SAN FRANCISCO (KGO) -- The San Francisco Board of Supervisors unanimously passed a resolution Tuesday to add another cultural district to a growing list of neighborhoods they want to promote and preserve. It's part of the LGBT community you may not be aware of.



Everyone knows the Castro, but now another LGBTQ neighborhood is getting official recognition.The South of Market street area where the Folsom Street Fair showcases the leather community, a distinct part of the gay community. The city believes its decades long history should be preserved and protected, as development rapidly transforms the landscape.



Jonathan Schroder is general manager of Mr. S Leather, a neighborhood shop that has catered to the leather community since 1979. Schroder applauds the designation. "Just having some recognition that this has history and as people move in to it, to recognize there was something here before them" he says.



Other supporters who showed up at a Supervisors' committee hearing last week, are also hopeful the leather district will mean access to city funds and community input in future developments. Geoff Benjamin owns the Oasis nightclub. He wants to make sure the community doesn't lose its cultural heritage as it gentrifies.



"We have a tension with the tech economy and an older creative economy so I think we need to move forward without losing what we've treasured."

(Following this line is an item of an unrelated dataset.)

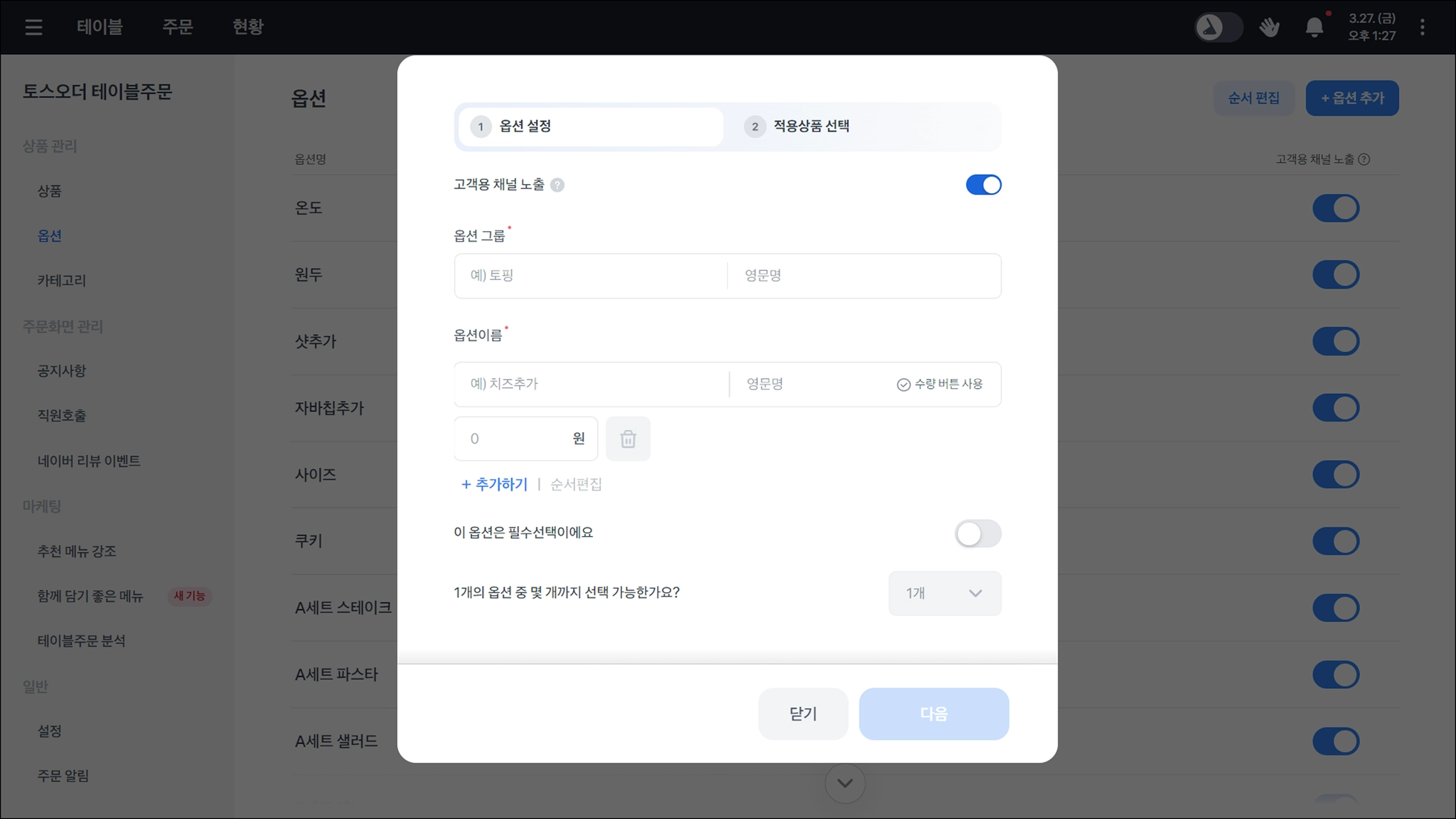 토스포스에서 옵션을 등록/수정할 수 있어요.

The resolution which unanimously passed today was co-sponsored by Supervisors Jane Kim and Jeff Sheehy. Sheehy acknowledges other cities might smirk at the idea of a leather LGBTQ cultural district but he believes it "represents the finest of what we are as San Franciscans." He says "we're really trying to preserve those vital parts of the LGBT community that have been so central to us being able to participate the way we have in the life of the city."



Various city departments and community representatives will now begin working on a strategic plan.